2.6.2 Response surface analysis and microencapsulation process optimization
One of the three factors X1 (wall material addition), X2 (core material addition) and X3 (stirring temperature) in the model was fixed at the zero level, and sas software was used to plot the contours and corresponding surface plots of the sub-models of the effects of the remaining two factors on the astaxanthin embedding rate, and the results were shown in Fig. 6~Fig. 8.
From Fig. 6 to Fig. 8, it can be seen that the contour plots of each factor are elliptical in shape, which indicates that all these factors promote the embedding rate at lower levels, but higher levels are not conducive to the production of microencapsulation.

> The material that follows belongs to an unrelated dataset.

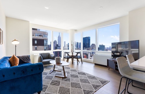 2-bedroom LUXURY building in delightful New York with AC, WiFi-VIEWS of NYC is located in Midtown South. 2-bedroom LUXURY building in delightful New York with AC, WiFi-VIEWS of NYC provides accommodation, featuring Laundry, Wheelchair Accessible, Security/Safety, among other amenities. This House features Laundry, Wheelchair Accessible, Security/Safety, to make your stay a comfortable one.

From the response surface plot, it can be seen that the graph is convex, which indicates that the synergistic effect of the factors is obvious, i.e., the increase of one factor promotes the effect of another factor on the embedding rate.
2.6.3 Determination of the optimum extraction process
The optimal conditions and optimal values were obtained by fitting the quadratic regression model with sas software, and the results are shown in Table 4. It can be seen from Table 4 that the optimal coded values of X1, X2 and X3 were -0.168 810, 0.363 710 and 0.180 659 at the maximum embedding rate, and the optimal extraction conditions were estimated as follows: wall additive 0.191 559 g/mL, core additive 2.681 855 %, stirring temperature 40.903 296 ℃, and the maximum embedding rate was 92.365974 %. 2.681 855%, stirring temperature of 40.903 296 ℃, and the maximum embedding rate of 92.365974%.
In order to verify the agreement between the estimated results and the actual situation, a validation test was conducted, and the test result was 92.89%, which was basically consistent with the estimated results. Therefore, the optimal process conditions for microencapsulation were determined as 0.19 g/mL of wall material, 2.68% of core material, and stirring temperature of 40.9 ℃, which resulted in 92.89% astaxanthin encapsulation.
3 Conclusion
The effects of wall material type, wall material addition, core material addition, stirring time and stirring temperature on the microencapsulation of astaxanthin were investigated by using the Box-Behnken centralized combinatorial experimental design (CCEED) and response surface analysis (RSA), and the microencapsulation process was studied in the shells of crayfish. The results showed that the optimal conditions for astaxanthin microencapsulation were 0.19 g/mL of wall material, 2.68% of core material, and 40.9 ℃ of stirring temperature, and the encapsulation rate of astaxanthin reached 92.89% under these conditions.